Samuel Dominic Chukwuemeka (SamDom For Peace)

For ACT Students
The ACT is a timed exam...60 questions for 60 minutes
This implies that you have to solve each question in one minute.
Some questions will typically take less than a minute a solve.
Some questions will typically take more than a minute to solve.
The goal is to maximize your time.
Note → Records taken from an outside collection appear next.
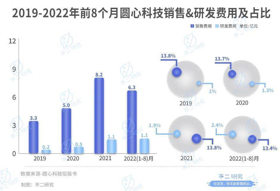 與之形成鮮明對比的是,2019-2021年及2022年前8個月,其研發開支為2265.1萬、4629.4萬、1.13億、1.14億,研發費率僅為1%、1.3%、1.9%、2.4%。
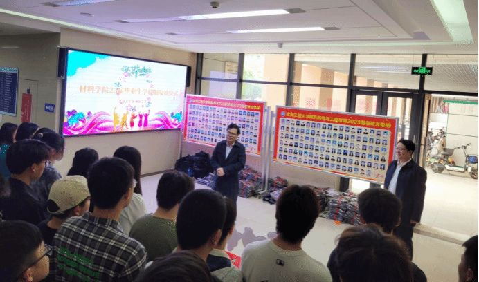 (通讯员:田明华)石榴红似火,毕业味渐浓。这个毕业季,材料学院23届毕业生收到了一份特别的毕业礼——定制学位服。5月23日一早,学院在一楼大厅举行23届毕业生学位服赠送仪式学院党委书记王涛、院长江学良、副书记张琼为毕业生代表送上了学院定制的学位服,一共发放学位服600套。
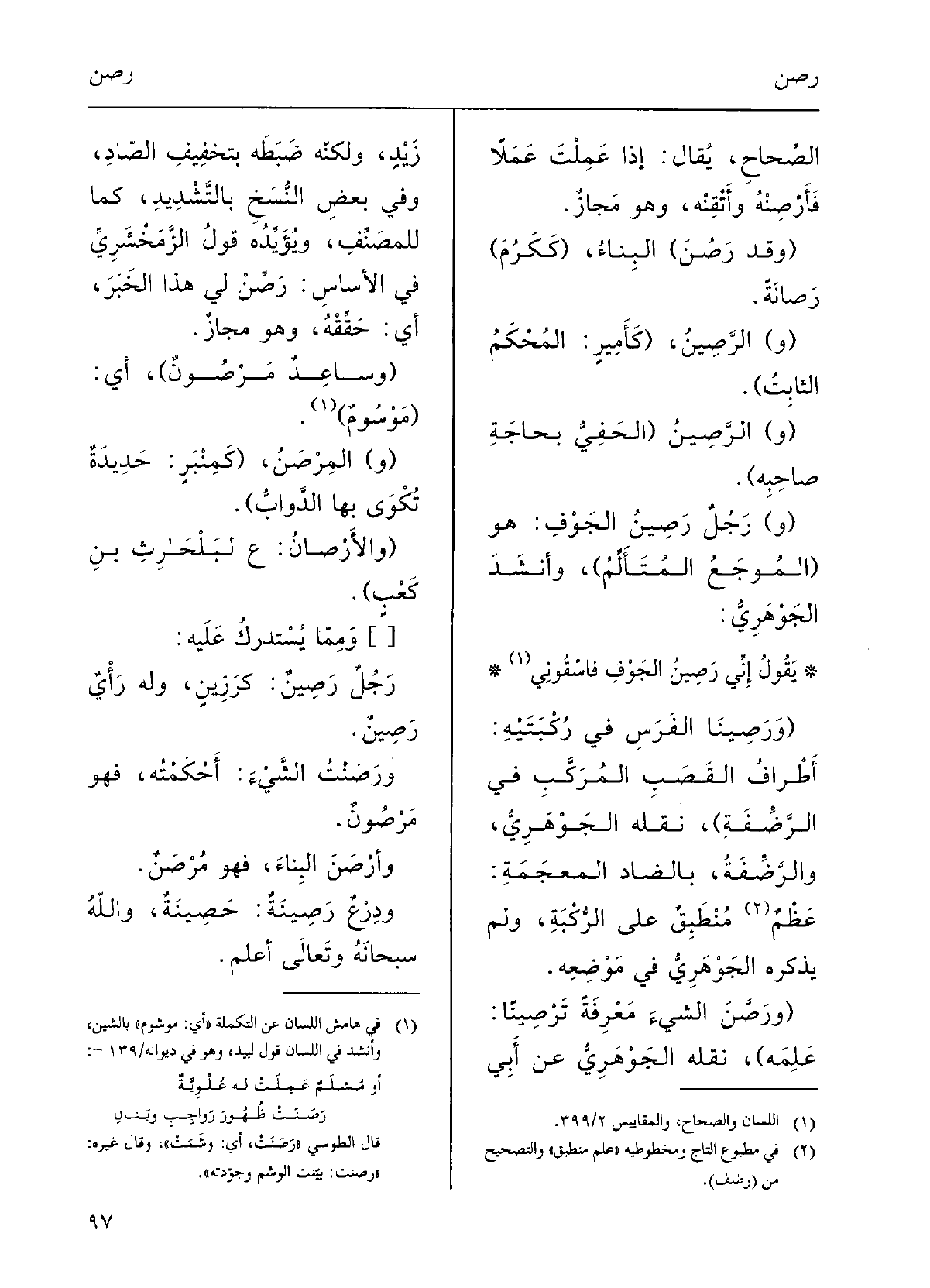 الصِّحاحِ يقالُ عَملْتَ عَمَلاً فأَرْصنْه وأَتْقِنْه وَهُوَ مجازٌ (وَقد رَصُنَ البناءُ ككَرُمَ رَصانَةً والرَّصِينُ (كأَميرٍ: المُحْكَمُ الثَّابِتُ.
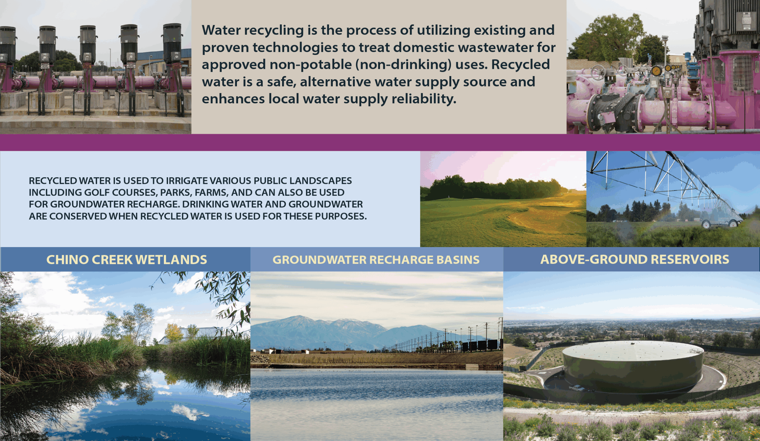 From the effluent of the contact basins, disinfected tertiary recycled water is pumped into the distribution pipeline network to deliver recycled water to the facility for internal use, industrial users, irrigation, and groundwater recharge. Water not pumped into the recycled water distribution pipeline network is dechlorinated with sodium bisulfite prior to being discharged to an outfall point. The facility outfalls may discharge to creeks, rivers, or lakes.
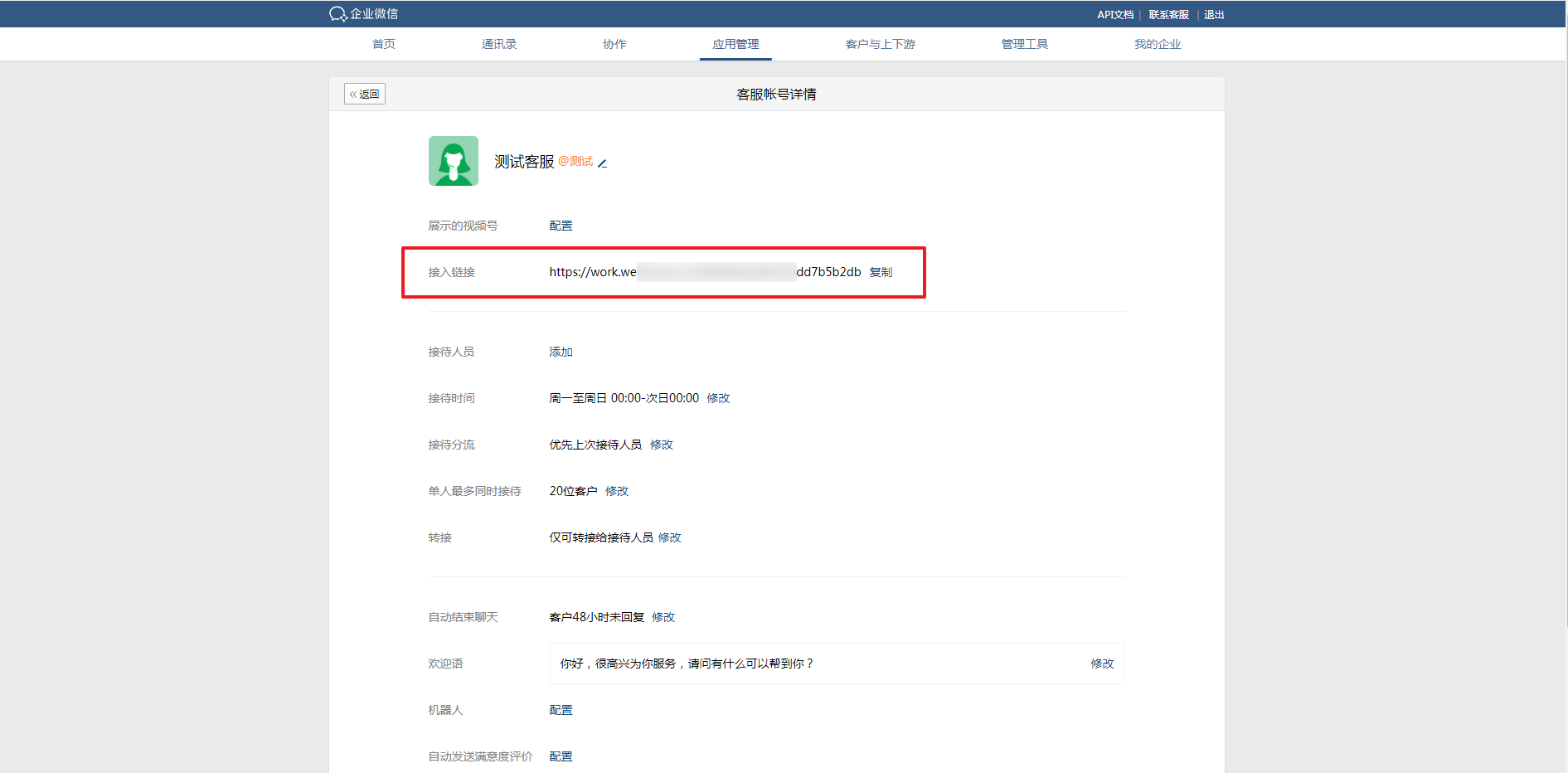 点击进入具体的客服账号信息,复制该客服账号的跳转链接,并填入商城小程序的客服信息中即可。

You use the time saved on those questions you solved in less than a minute, to solve the questions that will take more than a minute.
So, you should try to solve each question correctly and timely.
So, it is not just solving a question correctly, but solving it correctly on time.
Please ensure you attempt all ACT questions.
There is no negative penalty for a wrong answer.

For JAMB Students
Calculators are not allowed. So, the questions are solved in a way that does not require a calculator.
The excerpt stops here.